## Stored data
"""

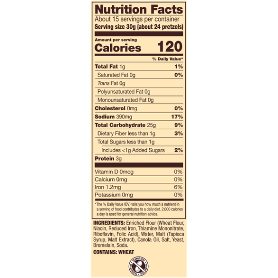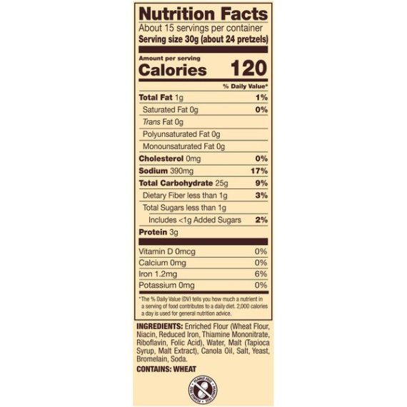 Details Ingredients Enriched Flour (Wheat Flour Niacin, Reduced Iron, Thiamine Mononitrate, Riboflavin, Folic Acid), Water, Malt (Tapioca Syrup, Malt Extract), Canola Oil, Salt, Yeast, Bromelain, Soda. Show more Product features Our Pretzel Snaps offer all the rich, hearty flavor of traditional pretzels in a crunchy, checkerboard shape. Theyre perfect for stacking, sandwiching and scooping. Snyder's of Hanover pretzels in a crunchy checkerboard shapeOnly 1 gram fat per servingNon-GMO Project Verified; Made in a peanut-free facility (safe for schools!)Perfect for stacking, sandwiching and scooping your favorite dipsLarge 16 oz size is perfect for parties and sharing with friends! Special Features No trans fat Net Quantity of Content 15 X 30.0
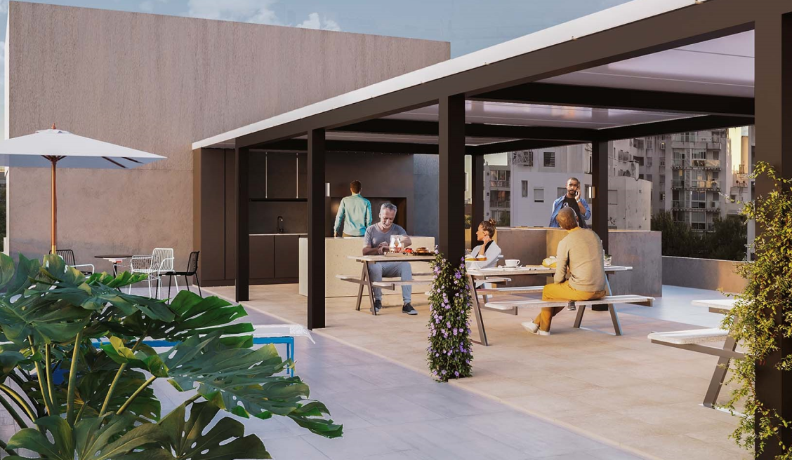 Pilay 1 – Charrúa, consta de 69 apartamentos, todos con terraza o patio, distribuidos en 7 plantas que van desde el subsuelo, planta baja, pisos del uno al cuatro y solárium transitable. Todas las unidades cuentan con terraza, 54 de ellas tienen una superficie de 42 y 51 metros cuadrados entre comunes y propios, y 15 unidades cuentan con patio o terraza ampliada, que van desde 54 a 75 metros cuadrados en total.
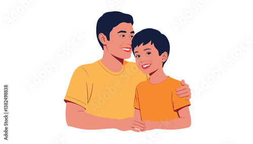 father, son, smiling, hugs, happiness, family, love, bonding, together, cheerful, eltern, children, male, joy, affection, young, childhood, human relationships, warmth, connection, portrait, illustration, friendship, fun, leisure, intimate, joyfulness, positivity, support, caring, playful, comfort, casual attire, coloured, character, laughter, enjoyment, lifestyle, youth, innocence, trust, diverse, ethnic, moment, sharing, smile, family time

"""

## Directions for this task
Retype the data above exactly, dropping every picture.

## Answer to this exercise
 Details Ingredients Enriched Flour (Wheat Flour Niacin, Reduced Iron, Thiamine Mononitrate, Riboflavin, Folic Acid), Water, Malt (Tapioca Syrup, Malt Extract), Canola Oil, Salt, Yeast, Bromelain, Soda. Show more Product features Our Pretzel Snaps offer all the rich, hearty flavor of traditional pretzels in a crunchy, checkerboard shape. Theyre perfect for stacking, sandwiching and scooping. Snyder's of Hanover pretzels in a crunchy checkerboard shapeOnly 1 gram fat per servingNon-GMO Project Verified; Made in a peanut-free facility (safe for schools!)Perfect for stacking, sandwiching and scooping your favorite dipsLarge 16 oz size is perfect for parties and sharing with friends! Special Features No trans fat Net Quantity of Content 15 X 30.0
 Pilay 1 – Charrúa, consta de 69 apartamentos, todos con terraza o patio, distribuidos en 7 plantas que van desde el subsuelo, planta baja, pisos del uno al cuatro y solárium transitable. Todas las unidades cuentan con terraza, 54 de ellas tienen una superficie de 42 y 51 metros cuadrados entre comunes y propios, y 15 unidades cuentan con patio o terraza ampliada, que van desde 54 a 75 metros cuadrados en total.
 father, son, smiling, hugs, happiness, family, love, bonding, together, cheerful, eltern, children, male, joy, affection, young, childhood, human relationships, warmth, connection, portrait, illustration, friendship, fun, leisure, intimate, joyfulness, positivity, support, caring, playful, comfort, casual attire, coloured, character, laughter, enjoyment, lifestyle, youth, innocence, trust, diverse, ethnic, moment, sharing, smile, family time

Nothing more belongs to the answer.